Гнездо одно, да судьбы разные

  Много историй хранит наше село. Лет сто назад оно было богатым и, выражаясь нынешним языком, более цивилизованным. В нашем селе были две мельницы, торговые лавки Злюкиных. Была и церковь, при которой была школа, где батюшка преподавал Законы Божьи. Водил батюшка и небольшое хозяйство, ездил на лошадке, обожал карасей в сметане, которых за пятаки носили местные рыбаки.
     Ныне иное племя и другие времена. Батюшки ездят на мерседесах, джипах. Церкви златоглавые. Рыбу наместники бога едят заграничную. Но истории давних лет иногда и через много лет возвращаются, пропуская через себя судьбы людей, оказавшихся в водовороте тех лет.
     От мельниц тех остались лишь воспоминания. Церковь тоже снесли после революции. Но до сих пор стоит домик, где жил батюшка. Растил двоих сыновей. Анатоль и Николя, которые вместе с деревенскими ребятишками лазили по садам, огородам. Затем подросли, окончили кадетский корпус и появлялись  всего в селе пару раз.
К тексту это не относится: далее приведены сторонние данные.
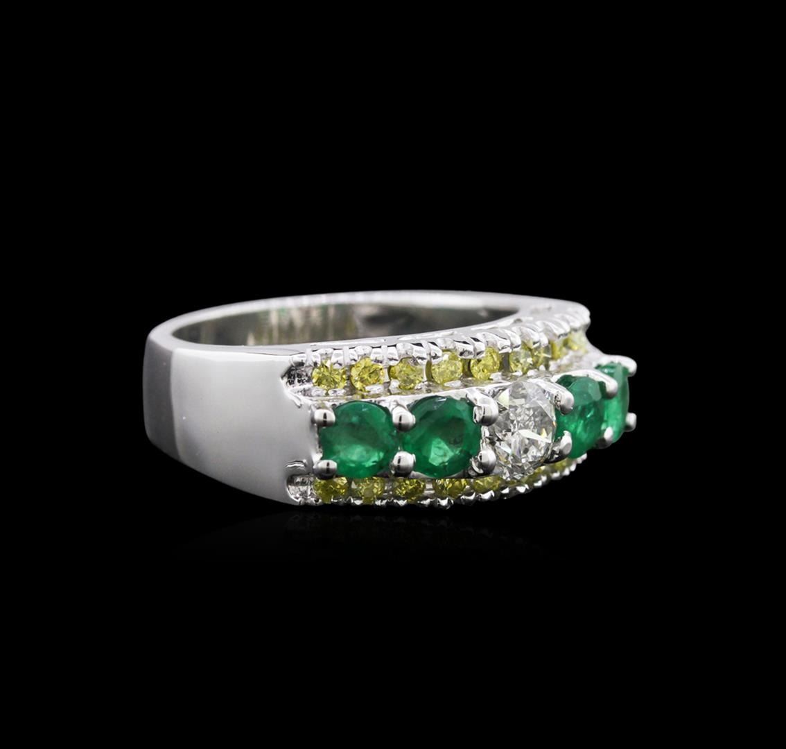 One electronically tested 14KT white gold ladies cast emerald and diamond ring with a bright polish finish. Identified with markings of "14K". Condition is new. Containing: Four prong set round modified brilliant cut natural emeralds, measuring 3.80 - 3.80 x 2.47 mm, approximate total weight of 0.98ct., clarity is heavily included, type III, medium light, very slightly grayish, green color, (GIA G 4/3), cut is good. One prong set round brilliant cut diamond, measuring 4.80 - 4.80 x 2.88mm (depth est.) approximate weight of 0.45ct. Clarity: I-2. Color: J, Cut is Good. Eighteen prong set round brilliant cut diamonds, measuring 1.80 - 1.80 x 1.08mm (depth est.) approximate total weight of 18 Stones = 0.35ct. Clarity: SI-2 to I-1, Cut is Good. Color of the stones has been treated. Colored gemstones are presumed to have been subjected to commonly used enhancement processes. All diamonds and colored gemstones are graded in the mounting, unless otherwise stated. Total Weight of Colored Stones 0.98ct. Total Weight of Diamonds 0.80 ct. Total Weight of Ring 7.60 grams. GGL Appraised.

     В гражданскую батюшка уехал, а про сыновей ходили слухи, Анатоль у красных, Николя у белых. Точно ничего не было известно. Прошли годы, началась ВОВ. Она пришла в нашу деревню летом сорок второго, в основном это были мадьяры. Рота немцев контролировала и население и мадьяр. Сначала вели себя осторожно, линия фронта проходила рядом, по Дону, и немцы понимали – война проиграна. Бесчинствовали больше мадьяры, немцы не обращали на это внимания.
     Немецкий майор поселился в поповском доме, там же была и комендатура. И вообще вёл себя крайне непонятно. Вычищен, вылощен, ходил по селу в сопровождении автоматчиков и переводчика, всегда молча, и лишь прутиком похлопывал по блестящему сапогу.
     Прислуживал ему Абакул, мужик лет сорока пяти, перед войной попал ногой в косилку и служить в армии ему не пришлось. Носил воду, убирал, подметал. Майор ходил на пруд с удочкой ловить карасей и всегда через переводчика приказывал Абакулу принести двух ощипанных кур, завернутых в рогожку. Кур закапывали в ямку, засыпали землёй, а сверху солдаты разжигали костёр и куры парились.
    Он сам жарил на костре карасей, а там подходила очередь и кур. Солдатам так понравились куры, которыми делился с ними майор, что сами звали его на рыбалку.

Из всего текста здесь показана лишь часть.